Начальник госпиталя, видимо, сочтя, что ответ на данный вопрос имеет отношение к его исключительной компетенции, замер в кресле, затем подался телом вперёд, встал и вплотную подошел ко мне. Протерев очки и выиграв, таким образом, пару секунд для формулирования ответа, он, наконец, тихо произнёс:
– Я бы порекомендовал вам обзвонить тех, кто хотел бы ещё увидеть Олега Константиновича живым.
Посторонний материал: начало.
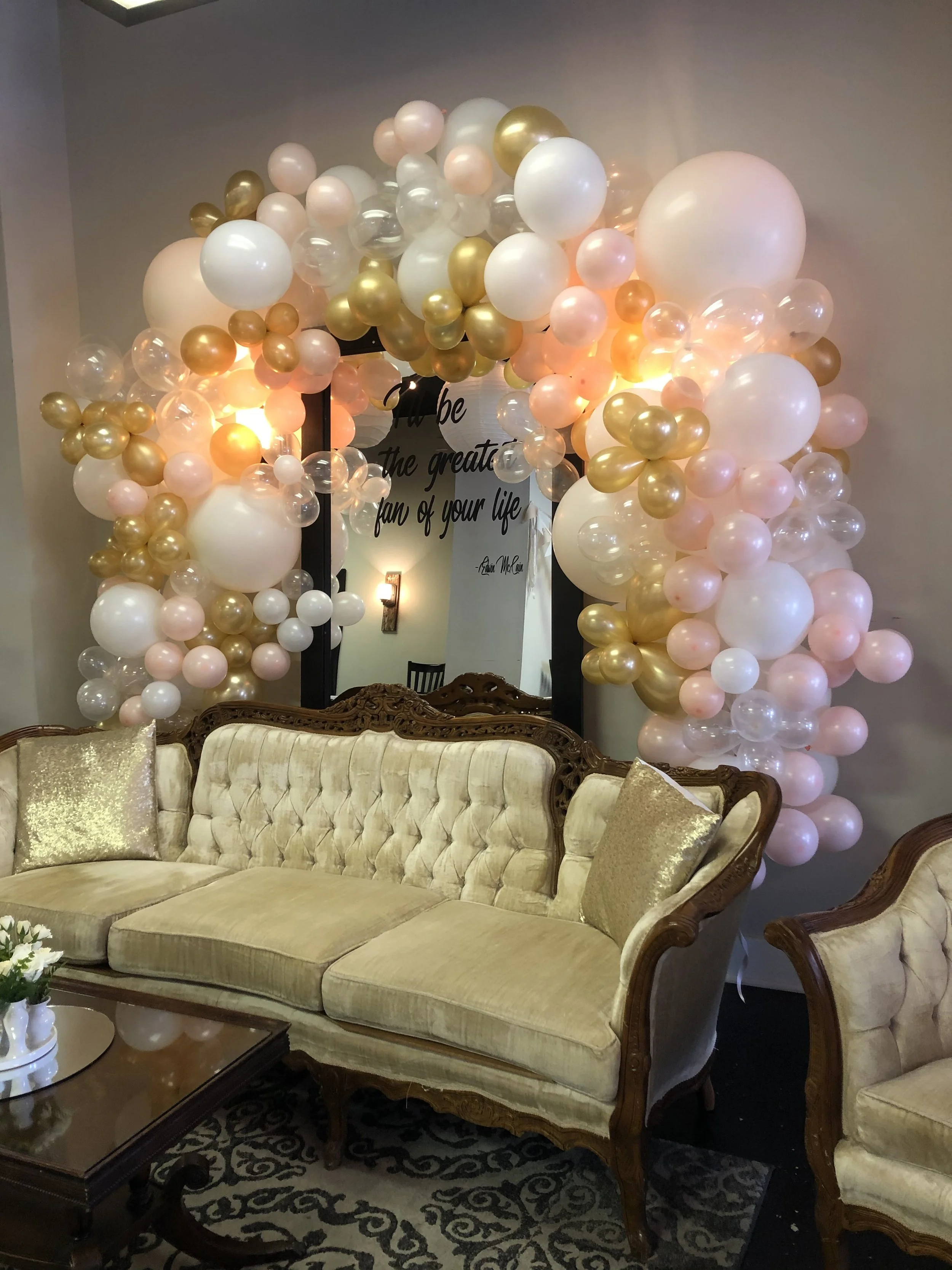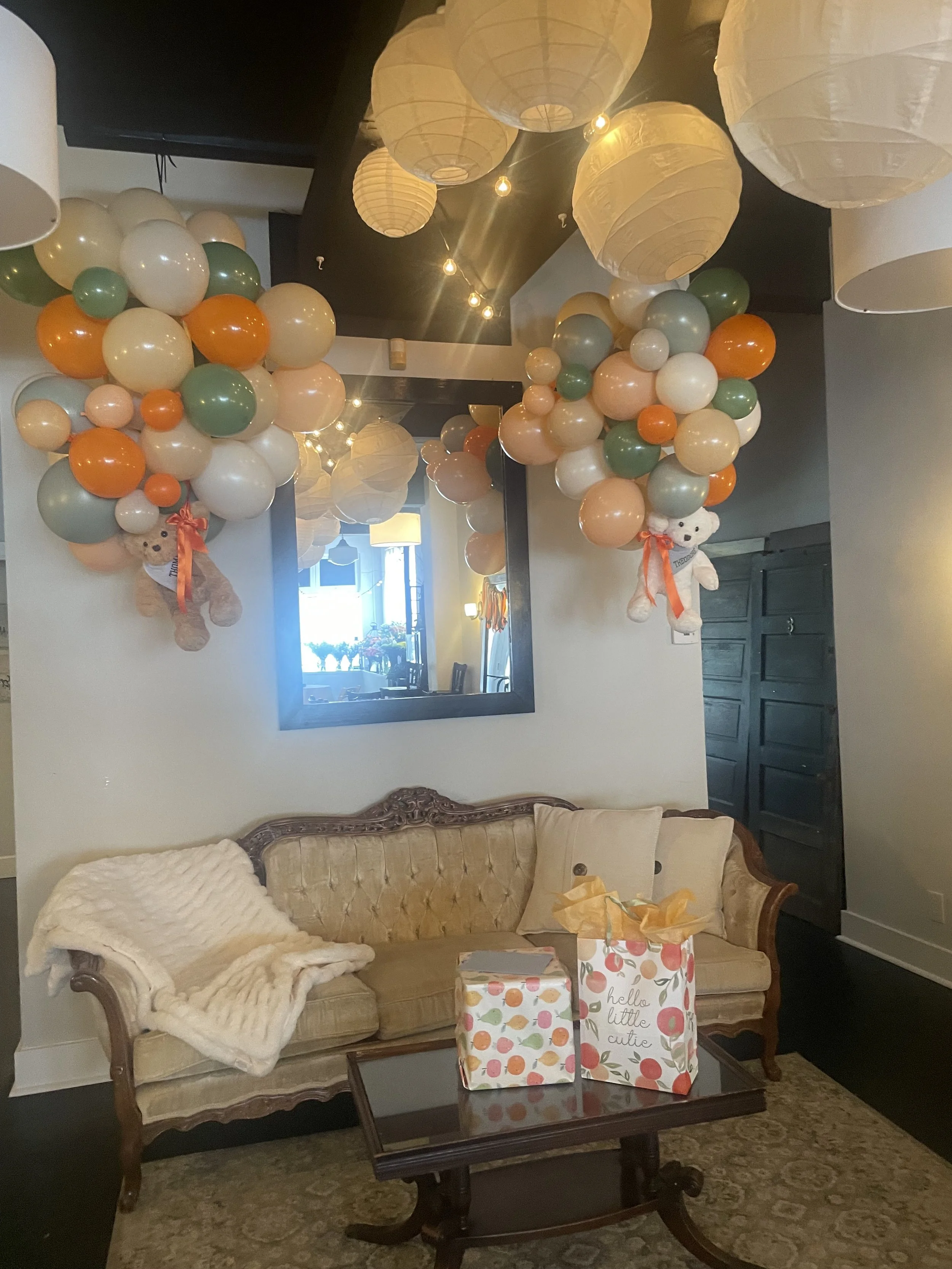Living room decorated with balloon arrangements in pastel colors and teddy bear plush toys, likely for a celebration or party, with wrapped gifts on a coffee table.

Пока он в сознании, он будет рад видеть тех, с кем имел дело, дружил, поддерживал приятельские отношения. Скажите этим людям, что он хотел бы их увидеть, а его предупреждайте непосредственно перед их посещением, чтобы он не стал возражать, мол, зачем людей беспокоить. Поверьте, я нахожусь под сильнейшим впечатлением от общения с вашим отцом. Даже если он вам говорит о каких-то своих планах, он на самом деле вас хочет приободрить. Сам-то он своё состояние прекрасно понимает и готовится к концу. Но не стонет, а вас жалеет. Понимаете, в чём дело? Хороший, красивый у вас отец. Нам всем жаль, что он уходит.
– Спасибо за добрые слова!
Мы попрощались. Врач с вечно грустными глазами довёл меня до дверей отцовской палаты. Батя дремал. Мама разговаривала с Алексеем, кружась с какими-то чашками в руках в узком пенале гостевого холльчика. Я поцеловал мать и своими словами, не травмируя её душу, пересказал слова докторов. Спросил, где их квартирная телефонная книжка, где записаны телефоны друзей и сослуживцев отца.
– Мам, ты с мобильного вызванивай тех, кого считаешь нужным позвать сюда. Ему худо, видишь, совсем слабый. Только звони из коридора, чтобы папа не слышал.
– Ох, сыночка, дорогой ты мой, сил моих нет видеть, как ему всё хуже и хуже. Уж лучше б я за него болела! Только бы не видеть его страданий.
– Нет, мам, так нельзя говорить. Господь каждому посылает испытания по силам его! Отец сильный, мужественный, ты же знаешь, а ты – слабая женщина. Ты б такого не выдержала, поэтому и не говори так. Ты нам нужна, береги себя! – я обнял маму, но она вскинула на меня свои мокрые карие глаза, обхватила моё лицо руками, прижалась и горько-горько заплакала. Тогда и я понял, что приближается время, когда душа будет сжиматься и слёзы стоять наготове, и сказал себе тотчас, что хоронить моего генерала я буду с сухими глазами. Отец никогда своих слёз не показывал, и от меня их не дождутся. И всё тут!